Like many of you, the first real 3D accelerator I owned was a 3dfx Voodoo card. This was way back in 1995. DirectX and Direct3D had yet to be released to the public, and OpenGL was only used for CAD and scientific rendering apps. In those primordial times, if a game developer wanted to harness the awesome rendering power of the Voodoo hardware, he had to write his game with Glide, 3dfx’s own application programming interface (API). This was all before the open standards movement became a powerful force in development circles, and Glide offered 3dfx a major competitive advantage: If a gamer wanted to see all the kick-ass 3D effects that Glide enabled, he had to play the game on 3dfx hardware—lest he suffer Glideless, in a depressing, busted-up world of jaggy, unfiltered textures.
The 3dfx/Glide domination ended when id Software and other game developers started releasing titles that used the OpenGL API, which wasn’t dependent on 3dfx hardware (but worked with 3dfx chips through a Glide translation layer). OpenGL opened the door for other 3D chip companies to build competitive products, and thus ATI, S3, Matrox, and Nvidia entered the fray with hardware of their own.
With every new OpenGL or DirectX game released, Glide slowly transitioned from an advantage to a liability for 3dfx. As competitors like Nvidia embraced new technology and embarked on a period of incredibly rapid improvements, 3dfx remained tied to its Glide past, and, as a result, was slow to embrace new rendering enhancements, such as 32-bit color and antialiasing. Ultimately, this contributed to 3dfx’s demise, and embracing open standards allowed Nvidia and ATI to flourish.
Why are we talking about this today? Because Nvidia stands at a crossroads, with two closed, proprietary APIs that have mainstream potential: the general-purpose computing CUDA API, and the PhysX physics-acceleration API, which sits on top of CUDA. These are both promising technologies, but only owners of Nvidia hardware can harness their power. Meanwhile, there are two emerging open standards that mirror what Nvidia is doing with its proprietary development. One is OpenCL 1.0, and the other is a general-purpose GPU computing API, which Microsoft will include in DirectX 11. There are a relatively small number of consumer applications that use CUDA, PhysX, or OpenCL right now, but the possible applications for the tech are endless—grossly simplified, these APIs let graphics chips perform CPU-like functions. The question Nvidia needs to be asking is simple: Will developers write their general-purpose GPU computing apps using a proprietary API that works on only a subset of PCs—those stuffed with Nvidia hardware—or will they use an open API that will work on every PC on the market?

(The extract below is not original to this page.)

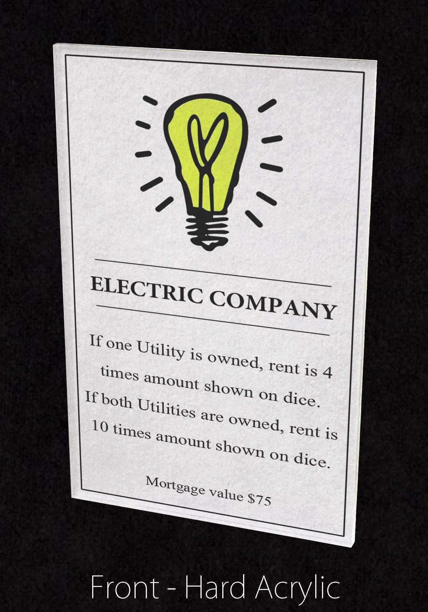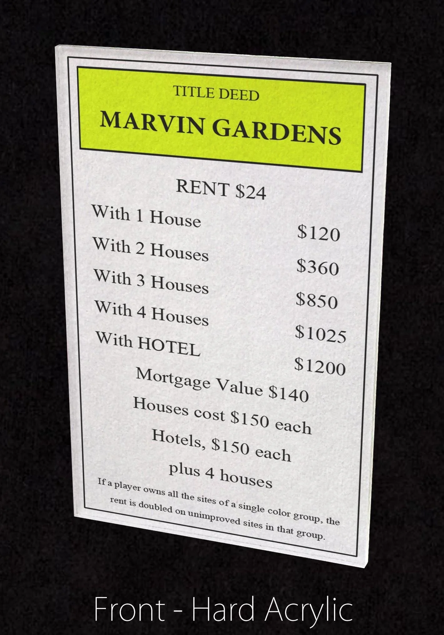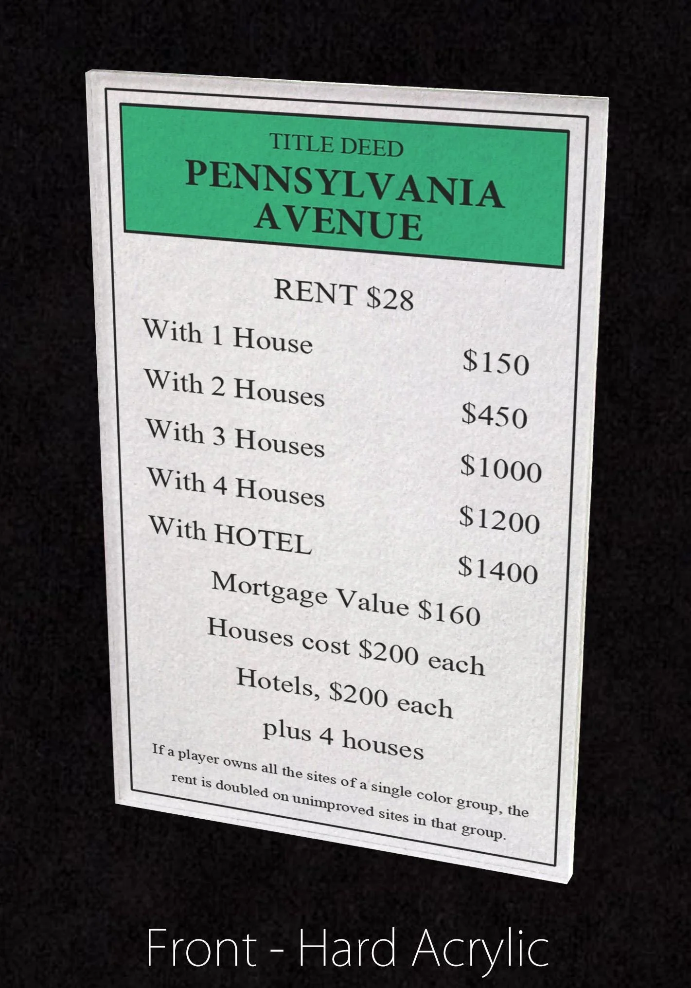 These Monopoly Property Deed Plaques are made of 1/8" PREMIUM ACRYLIC. The backing is finished with a white velvet texture that is SOFT TO THE TOUCH. Made in the USA with premium DURABLE materials to last for years.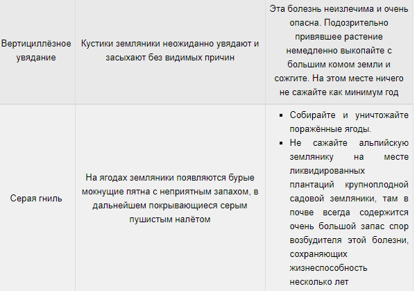 Η επισκευή της αλπικής ποικιλίας είναι ανθεκτική σε ασθένειες, αλλά κατά τη διάρκεια μιας επιδημίας μπορούν να εκδηλωθούν. Οι πιο επικίνδυνες ασθένειες και μέθοδοι ελέγχου παρουσιάζονται στον πίνακα.

Nvidia’s path is clear: It needs to stop trying to convince us that closed APIs are good, and instead embrace OpenCL and Microsoft’s yet-to-be-named solution. It needs to port PhysX to run on one of the open APIs, then use PhysX as a platform to advertise the kind of power that Nvidia delivers (with the recipients of all this messaging being ATI diehards and anyone considering the forthcoming Larrabee GPU from Intel).
By focusing on what its always done well—building kick-ass hardware—instead of force-feeding us closed APIs, Nvidia will thrive. As for CUDA? It’s served its purpose, but its time has passed. It’s time to kill CUDA.